*** Collected material ***

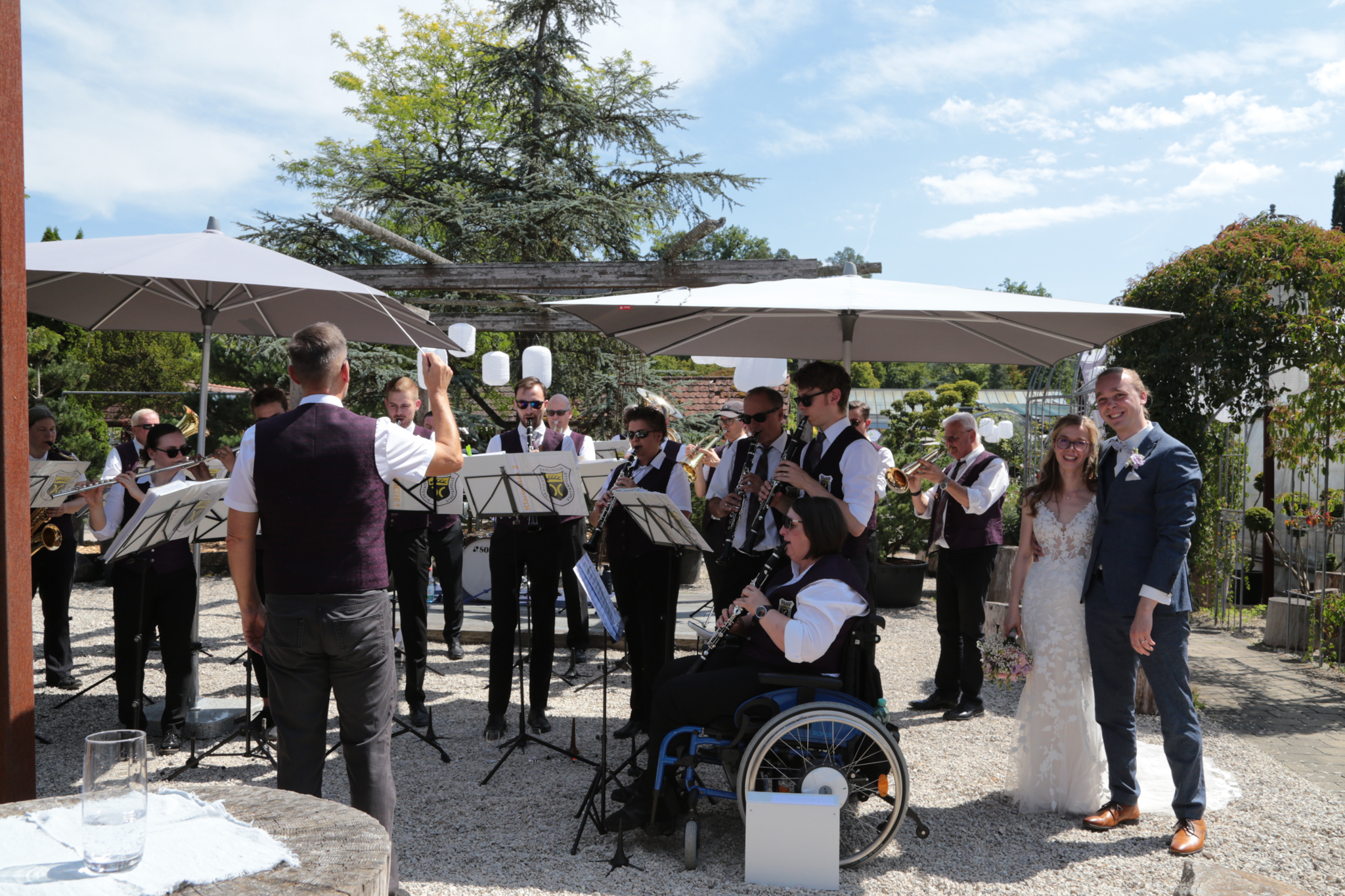 Na? Haben Sie es bemerkt? Korrekt, beide Kapellen des Musikvereins werden nun von Frauen dirigiert – so wie es der 1. Vorsitzende Matthias Widmann am diesjährigen Frühjahrskonzert angekündigt hat. Antonia Efinger hat die musikalische Eröffnung – und auch den Festausklang mit der Stadtkapelle geleitet. Unsere Jugendleiterin Leoni Hoffmann dirigiert die Jugendkapelle. Aber von vorne: Pünktlich um halb zwölf hat die Stadtkapelle den musikalischen Auftakt am Waldfest bei hochsommerlichen Randbedingungen gestartet. Passend mit dem Marsch „Die Sonne geht auf“. Im Anschluss nahm die Jugendkapelle Platz und führte die Unterhaltung der zahlreichen Besucher fort. Dank hervorragender Planung des Wirtschaftsteams um Miriam Storr konnten alle Besucher gestärkt die Wanderung oder die Radtour fortführen. Neben Pulled Pork wurde zu den Klassikern auch gegrillter Halloumi mit Tomate im Brötchen angeboten. Vielen Dank für alle die Mühen im Vorfeld, die für die meisten Besucher unsichtbar bleiben. Nach der Jugendkapelle hat die Stadtkapelle den musikalischen Ausklang übernommen – unter der Leitung von Antonia Efinger, der ein hervorragender Einstand gelungen ist. Herzlichen Glückwunsch.
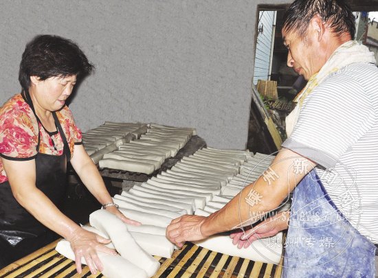 年糕本是冬季制作的小吃,时下在我市多个农贸市场里都可以买到新鲜现做的年糕。一位摊主表示:“夏天销售年糕,满足的是个性消费群体的需求。”图为三界镇一年糕加工点正在制作年糕。
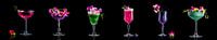 Six colorful cocktails in a row, this is such a beautiful image. De colors are really popping out of the black background. These vintage crystal glasses are so nice, but everything is very chique decorateds with leafs and flowers. This is a picture you really want it. This could be in a kitchen, restaurant or a cocktailbar. Very sharp picture made with flash light. This is an true eyecatcher to hang on your wall. And is deserves to be a big print! And that is possible because this picture is big file with a high resoilution.

*** End of Collected material ***

**Try it**
Your reply should consist solely of the lines from the line containing "年糕本是冬季制作的小吃,时下" through the last line of the listing, unchanged and free of pictures.

**Result of this task**
 年糕本是冬季制作的小吃,时下在我市多个农贸市场里都可以买到新鲜现做的年糕。一位摊主表示:“夏天销售年糕,满足的是个性消费群体的需求。”图为三界镇一年糕加工点正在制作年糕。
 Six colorful cocktails in a row, this is such a beautiful image. De colors are really popping out of the black background. These vintage crystal glasses are so nice, but everything is very chique decorateds with leafs and flowers. This is a picture you really want it. This could be in a kitchen, restaurant or a cocktailbar. Very sharp picture made with flash light. This is an true eyecatcher to hang on your wall. And is deserves to be a big print! And that is possible because this picture is big file with a high resoilution.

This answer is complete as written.